### AVAILABLE DATA
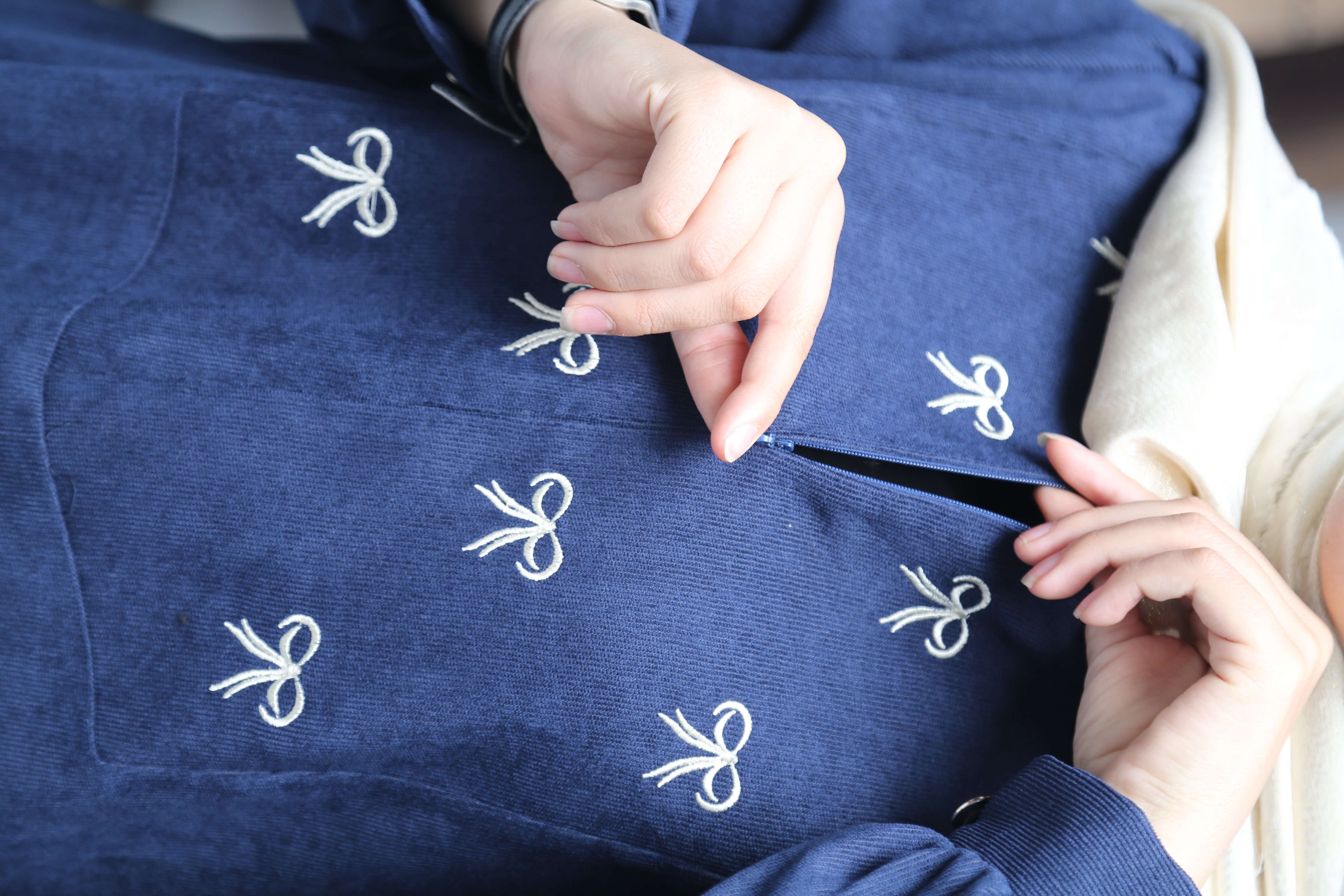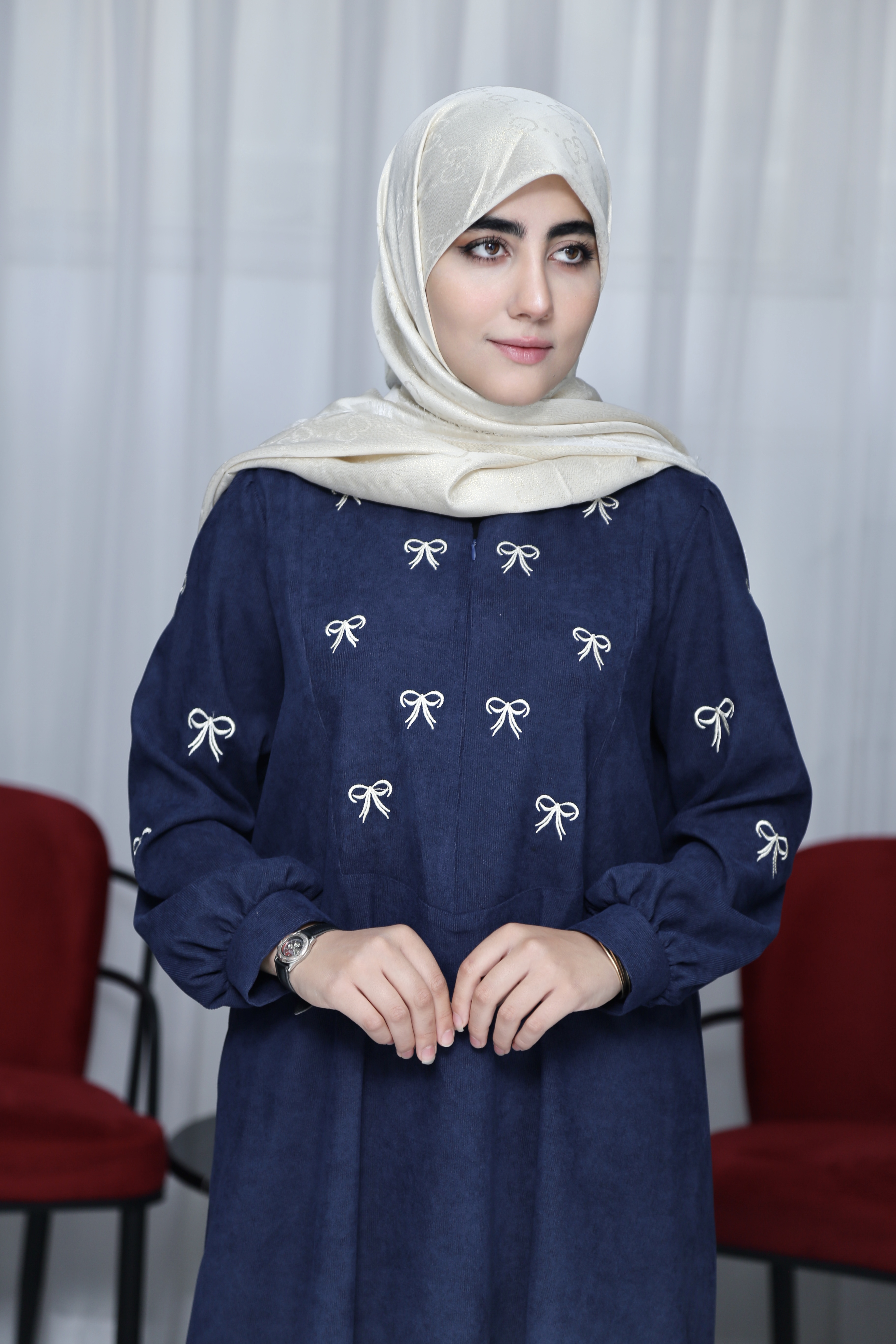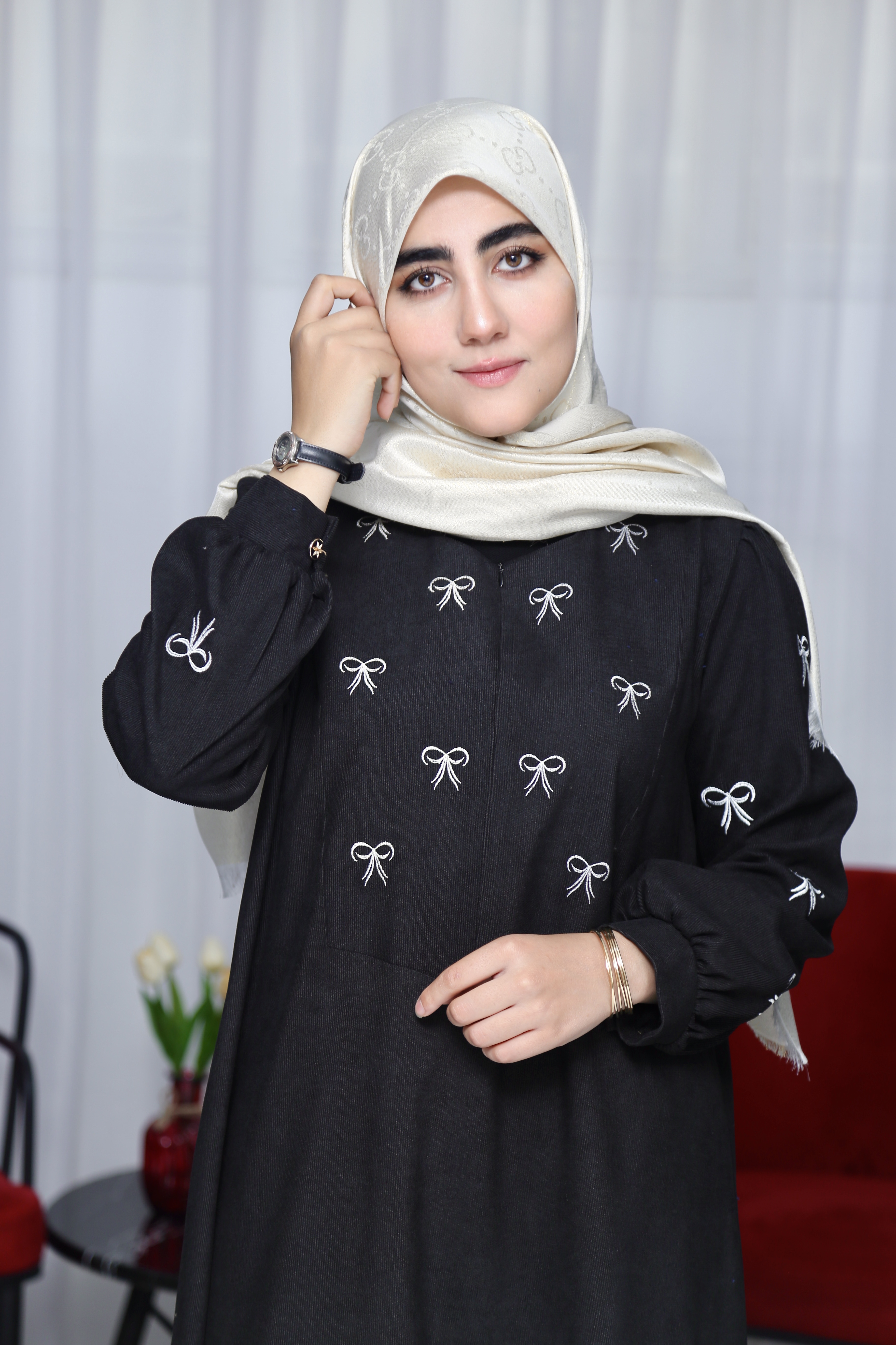 عبا پاپیون پارچه مخمل کبریتی مناسب پاییز و زمستان زیپ بلند دارد و مناسب شیردهی بند تنظیم دارد گلدوزی شده
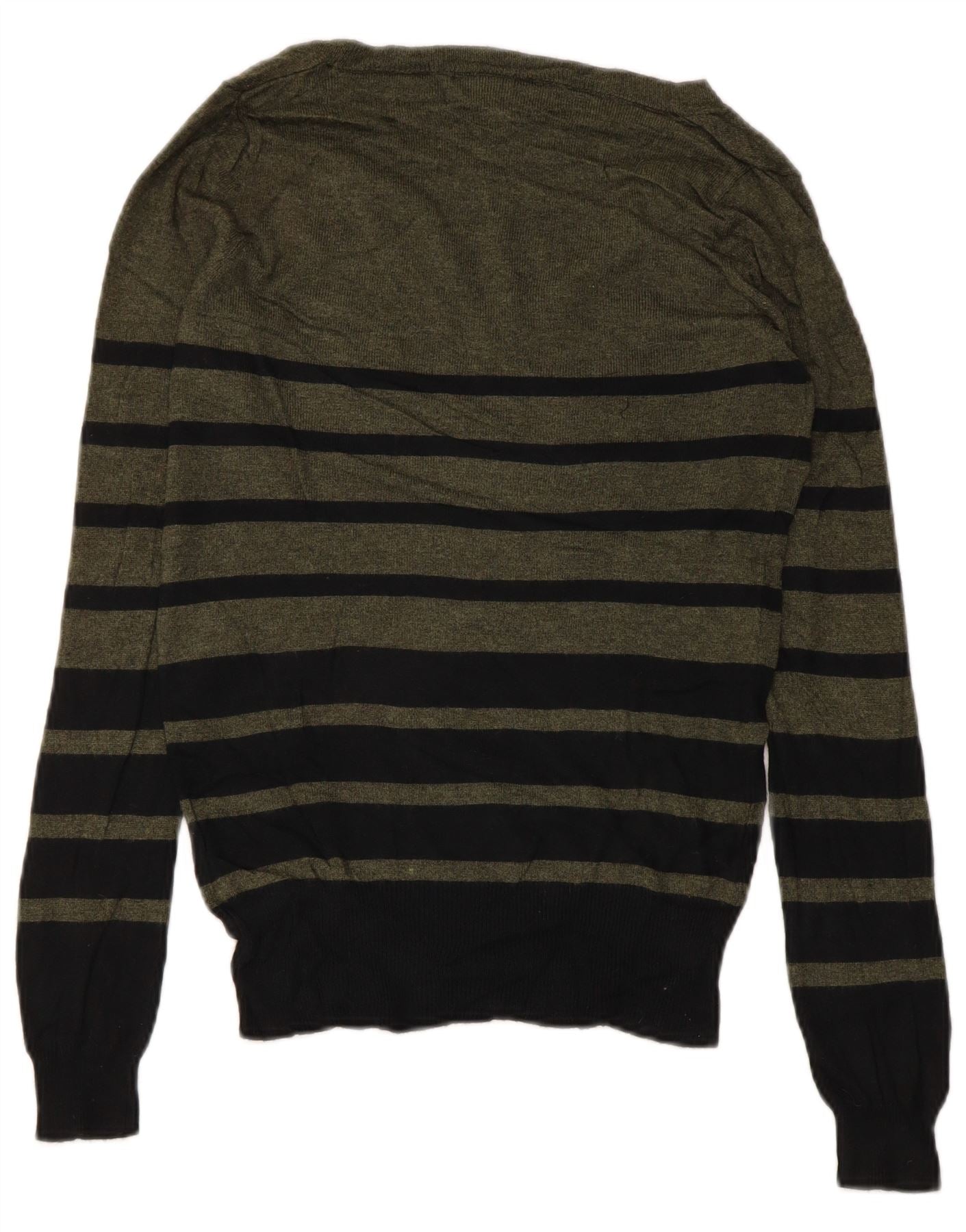 MOSSIMO Womens V-Neck Jumper Sweater UK 6 XS Khaki Striped Nylon
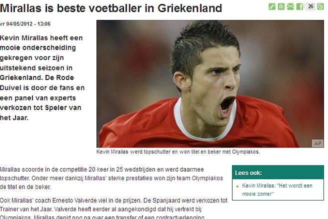 Συγκεκριμένα, γίνεται λόγος για τα 20 τέρματα που σημείωσε ο Μιραλάς και που οδήγησαν τον Ολυμπιακό στην κατάκτηση του 39ου πρωταθλήματός του, ενώ παράλληλα γίνεται αναφορά και στην ανάδειξη του Ερνέστο Βαλβέρδε ως τεχνικού της χρονιάς για την Ελλάδα. Όπως γίνεται αντιληπτό, ο Μιραλάς, που έχει επιστρέψει στα προσκλητήρια της Εθνικής Βελγίου, είναι για τα καλά στο… μικροσκόπιο του Τύπου της πατρίδας του, καθώς θεωρείται πλέον ως μία από τις σημαντικότερες… ελπίδες για το μέλλον του ποδοσφαίρου της χώρας.
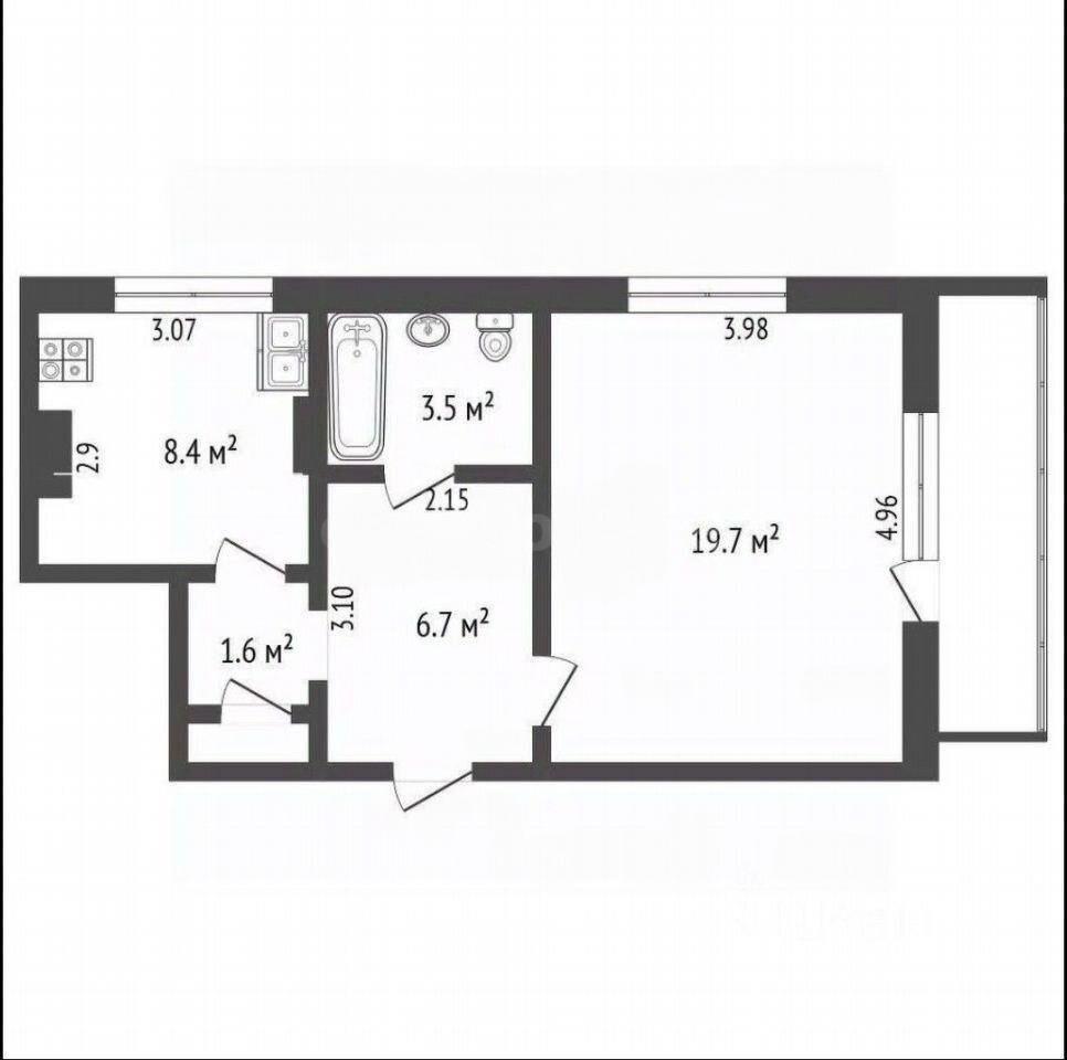 Светлая 1‑комнатная квартира 40,4 м² на 2/10 этаже панельного дома. Удобная планировка: изолированная комната 19,7 м², кухня 8,5 м², потолки 2,6 м. Есть мебель, совмещённый санузел, лоджия, вид во двор и на улицу
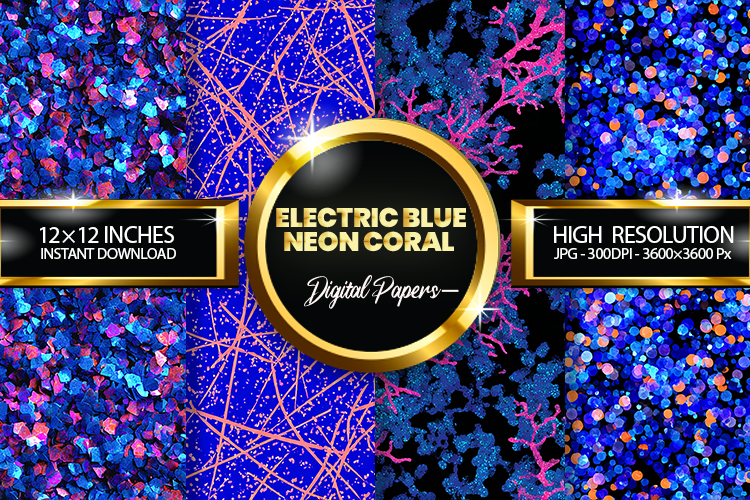 Electric Blue Neon Coral Glitter Digital Papers - 04 Variati
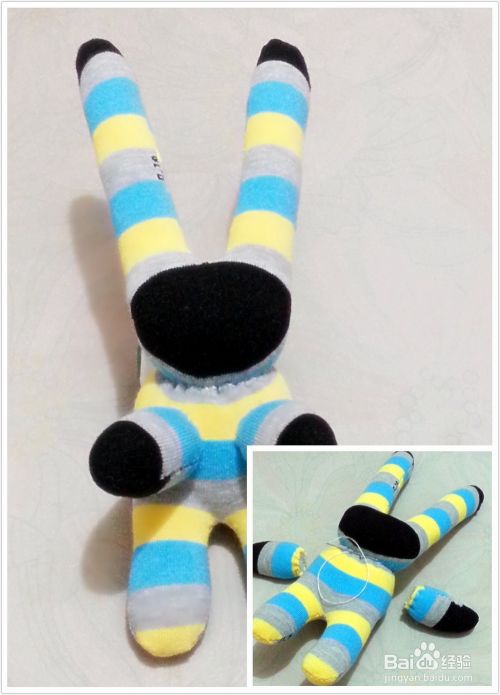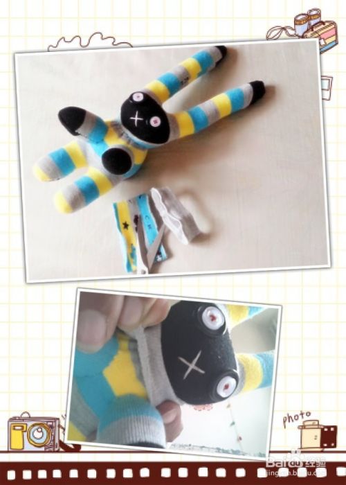 所以的步骤都完成后一个可爱的玩偶就出来了,是不是觉得还有点不够完美呢?没错仔细看玩偶是很可爱可是我们在做玩偶时缝合的接口还显现在外哦,使得整个做工显得很粗糙是吧,那么好吧,找一下把我们刚刚裁剪时丢弃的袜筒(袜庄)部分拿出来再次裁剪,将袜边剪下来,一定要剪得平整哦,然后套在玩偶的脖子上给它加个小围脖,怎么样是不是活起来了呢!
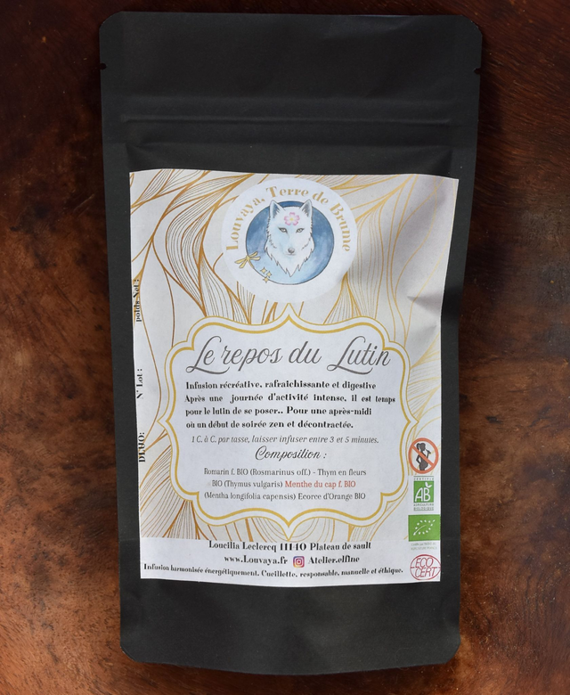 Le repos du lutin est une ode à la lenteur. Infusion récréative et digestive, pouvant être bu tous au long de la journée jusqu'à 17h pour les personnes sensibles à la menthe. Déconseillée aux femmes enceintes, par précaution, du à la menthe.
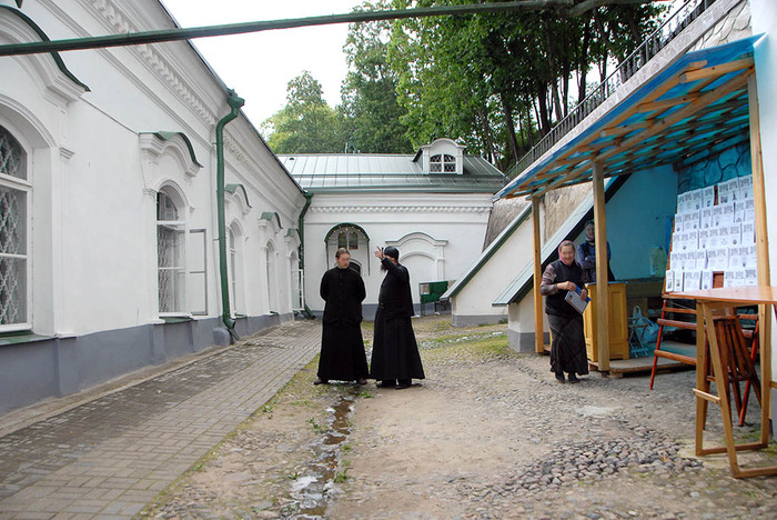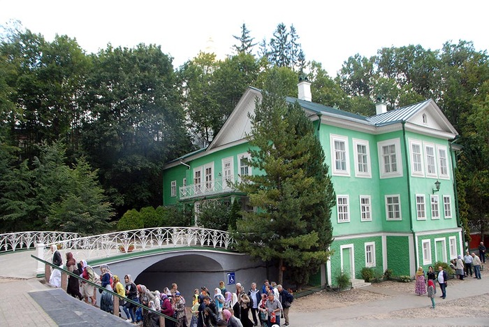 По центру долины стоит дом наместника монастыря. Сейчас настоятелем служит митрополит Псковский и Порховский Тихон (Шевкунов). Тот самый, который написал бестселлер "Несвятые святые", прославив Псково-Печерский монастырь и архимандрита Иоанна Крестьянкина на всю страну. Книга и в самом деле полезная благодаря ей в монастырь съезжаются тонны паломников со всех концов света. А это очень хорошие деньги. О моем безбожном мнении о книге я писал в рецензии. Тем не менее, почитать стоит, особенно если соберетесь посетить монастырь.
######
What you return should be only the exact lines from the top of the entries through the line with "MOSSIMO Womens V-Neck", minus the pictures.

 عبا پاپیون پارچه مخمل کبریتی مناسب پاییز و زمستان زیپ بلند دارد و مناسب شیردهی بند تنظیم دارد گلدوزی شده
 MOSSIMO Womens V-Neck Jumper Sweater UK 6 XS Khaki Striped Nylon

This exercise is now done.